This article contains language that some readers may find offensive, while others may not. And that’s what recent studies on AI toxicity are tackling: when do words actually cause harm? And what, exactly, should moderation systems be measuring in the first place?

Chatbots, used by more than a billion people, lean on safety filters that sometimes only read the surface of the text. They often go blind when the sting is implicitly spread through narrative or when the impact depends on who’s talking and who’s listening.

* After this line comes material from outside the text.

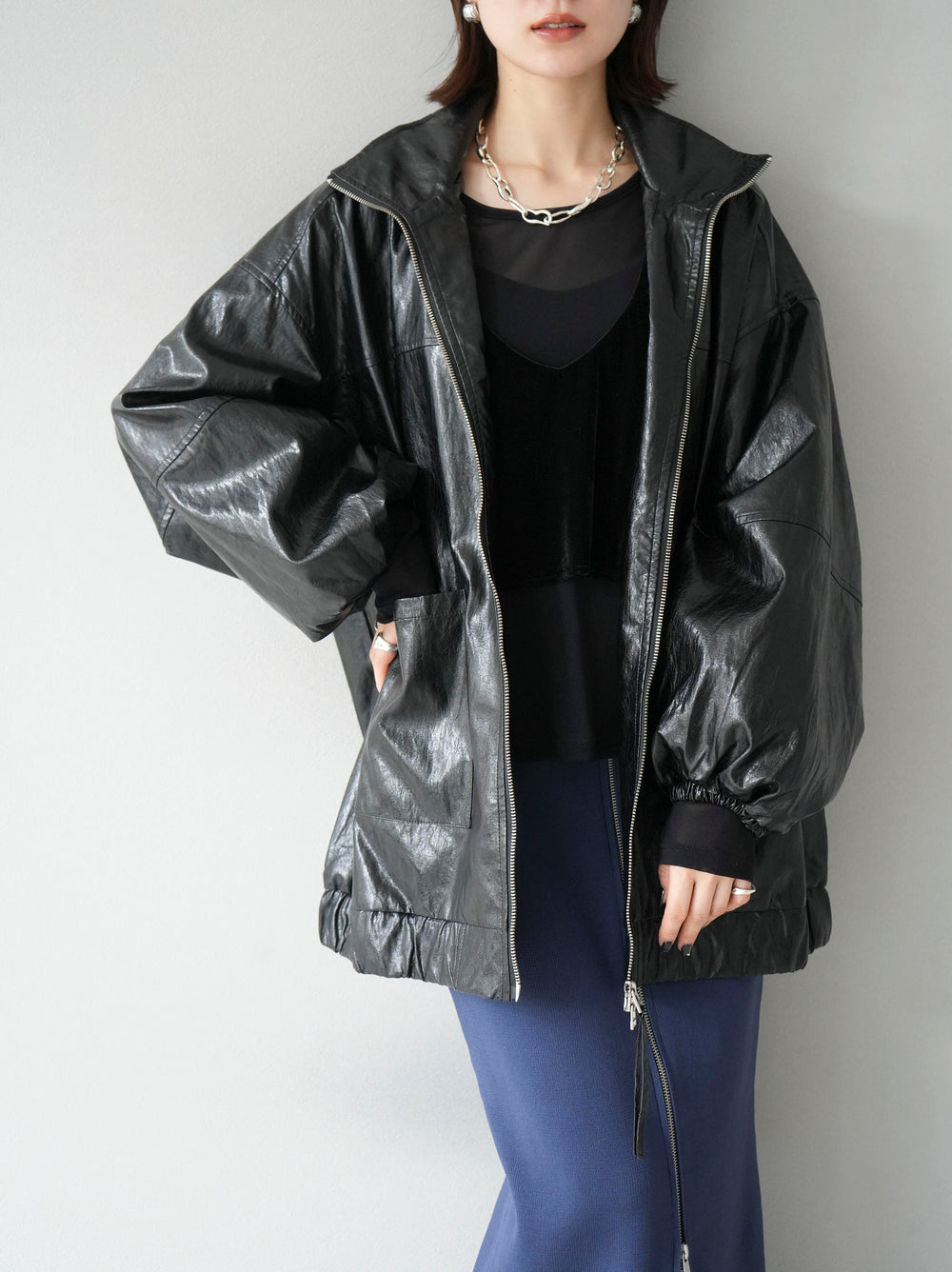 [予約]フェイクレザーオーバーブルゾン/ブラック

While models grow more capable at reasoning, their guardrails lag behind the challenges posed by explosive user growth, says Sergey Berezin, a researcher at SAMOVAR lab in Telecom SudParis, one of France’s elite engineering schools.

“Documenting technical flaws doesn’t really fix the system, ‘ Berezin says. In a 2026 position paper, he and his SAMOVAR colleagues Noël Crespi and Reza Farahbakhsh argue that the problem runs deeper than detection accuracy: the field has been optimizing benchmarks without a stable definition of what it’s measuring.

Supported by Nebius Academy, this work builds on machine learning, sociolinguistics, and neuroscience to reframe toxicity as a stress response rather than a property of words, and detection as a measurement problem rather than a classification one.

I Hate You, Happy, Happy, Good.I Hate You, Happy, Happy, Good.

Berezin’s deep dive into AI toxicity began in 2023 by probing transformer-based detectors with phrases like “I hate you, happy, happy, good”. He tricked the industry’s finest hate speech filters by appending high-positivity words to toxic messages. “This was so stupid and strange that I got hooked, ” he recalls.

Next came ASCII art: images built from keyboard characters that render obscenities as shapes. Displayed as pictures, harmful messages bypassed every major detection system. In a 2025 paper, SAMOVAR researchers defined a whole new class of Task-In-Prompt (TIP) attacks: jailbreaks that can force LLMs to generate toxic content by embedding it within riddles, ciphers, and code execution challenges. Riddles proved especially effective, conveying meaning without explicit words and making harmful intent nearly impossible to detect.

“Every model maker knows about these jailbreaks — I’ve told them myself, ” Berezin says. The state-of-the-art attacks today are multi-turn, slowly steering a model into a poisoned context across many exchanges (“Echo Chamber”), or exploiting API-level features that preload assistant replies (“sockpuppeting”). The attacks that work now are precisely the ones that exploit how models track conversational context, which is the territory Berezin’s framework says detection has been ignoring all along.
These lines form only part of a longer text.